El fin último que persigue el transhumanismo —si bien no siempre abiertamente confesado— es lo que denomina inmortalismo: una prolongación de la temporalidad hasta una longevidad indefinida, que no es en modo alguno comparable con la plenitud de la vida eterna a la que aspira la esperanza cristiana. Pero, además, hay una cuestión anterior: si abandonamos la carne ya no somos nosotros; porque nosotros somos carne. Por lo que, si abandonamos la carne, abandonamos nuestro ser.
Al margen de la disyuntiva entre un enfoque evolucionista o de perfección ontogenética, abandonar la carne conlleva abandonar la posibilidad de inmortalidad, ya que únicamente alcanzaremos la inmortalidad y la plenitud pasando por la muerte y posterior resurrección de nuestro cuerpo. Pues, aunque la finitud es intrínseca al ser humano en su actual situación de naturaleza caída, esa misma naturaleza humana es ya y para siempre la naturaleza del mismo Dios, con la que compartimos destino.

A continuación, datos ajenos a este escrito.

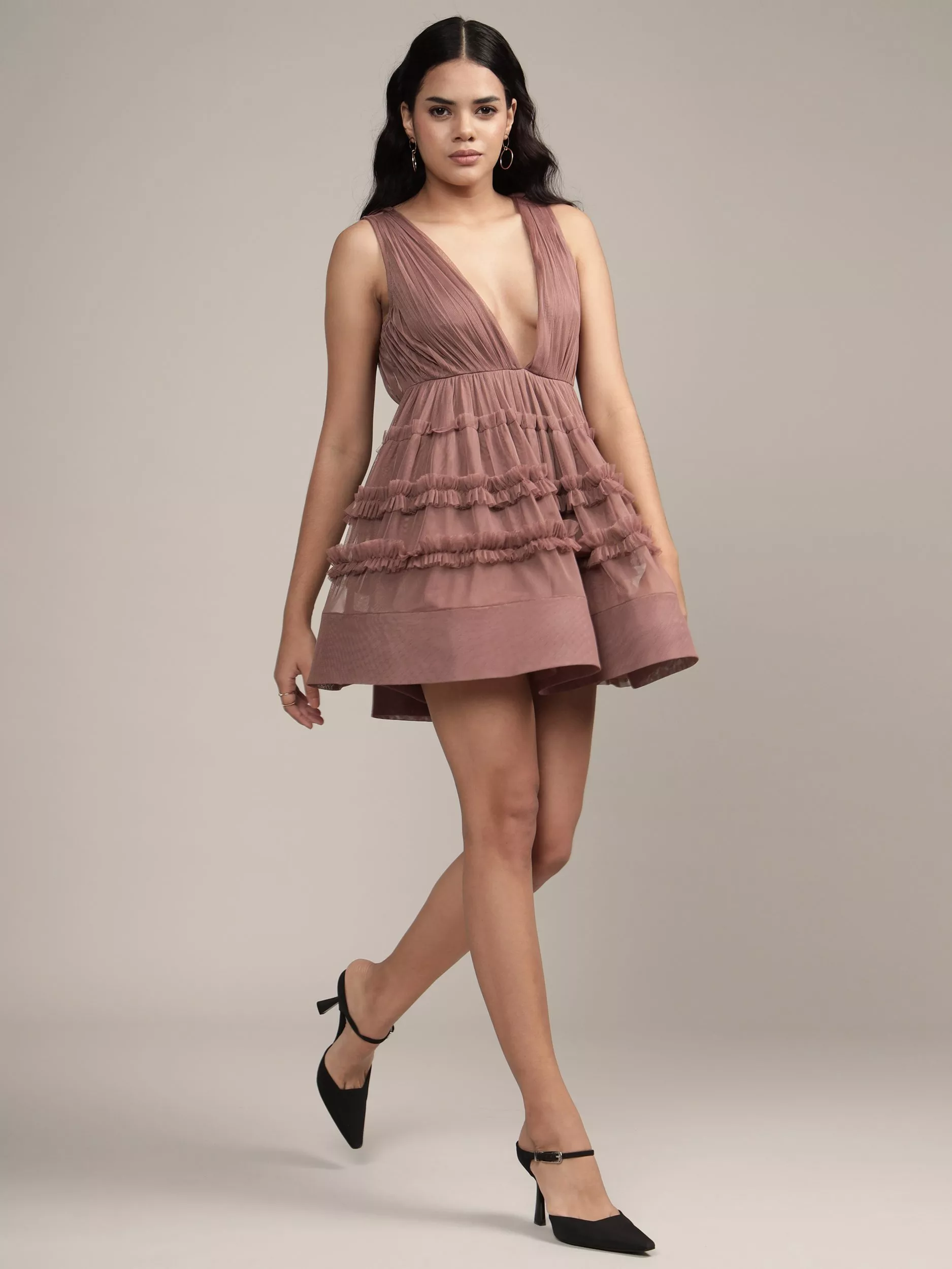 Flattering in all the right places, this thigh-grazing dress from Lace & Beads is made from soft tulle with a deep plunge v-neckline and plenty of ruffles through the skirt.

La puerta de la inmortalidad, por tanto, es nuestra propia carne, capaz de resurrección por su unión —en la eucaristía— con la carne resucitada de Cristo porque el Verbo eterno la asumió, uniéndose a ella de manera hipostática, en la historia y en la eternidad. Y es también puerta a la inmortalidad la carne doliente de los demás hombres y mujeres, que es para nosotros ocasión y posibilidad de ejercer el amor-misericordia y el amor-agapé, dando de comer y vestir al mismo Cristo que será quien nos entregue el reino que tiene preparado para nosotros desde la creación del mundo.
Por tanto, nuestra respuesta de confianza en Dios Trino desde nuestro ser esencialmente llamado no es posible en un camino hacia el no-hombre (el transhumano). No sólo por los medios inmorales que puedan ser empleados por el transhumanismo sino, principalmente y sobre todo, por el fin que persigue: transformar al humano en transhumano.
Si el camino del transhumanismo es el del descarte del cuerpo, este se ha de rechazar para optar por un camino de trabajo a favor del cuerpo, contra las enfermedades y el sufrimiento. Porque «el hombre posee una naturaleza que él debe respetar y que no puede manipular a su antojo» (Benedicto XVI, 2011).
Progreso, pero no cambio
En este sentido, y desde la perspectiva de la respuesta del hombre ante el don recibido podemos establecer una cierta analogía entre la manera de pretender el mejoramiento del don de la naturaleza humana y el modo como San Vicente de Lerins resolvió la cuestión de la evolución de nuestro conocimiento del don de la verdad revelada —que también Dios entregó al hombre como prueba de su amor—: que haya progreso, pero no cambio.
Por todo lo anterior, se propone enfocar todo este esfuerzo cultural, intelectual y científico en caminar hacia el hombre: el hombre completado, perfeccionado…, pero, ante todo —y por encima de todo—, hombre. Un camino diferente al que proyecta el transhumanismo y que, por tanto, debe tener también una denominación diferente, que podría ser: perhumanismo. Un camino en el que se podrá contar seguramente con la terapia y el mejoramiento humano (enhancement) obrados por una ciencia y una técnica puestas al servicio de la humanidad. El mismo camino, en definitiva, que Jesús recorrió y nos animó a seguir.
El hombre nuevo no será el transhumano, sino los hombres y mujeres redimidos y justificados por Cristo, que es la piedra desechada por los arquitectos, pero que es la piedra angular.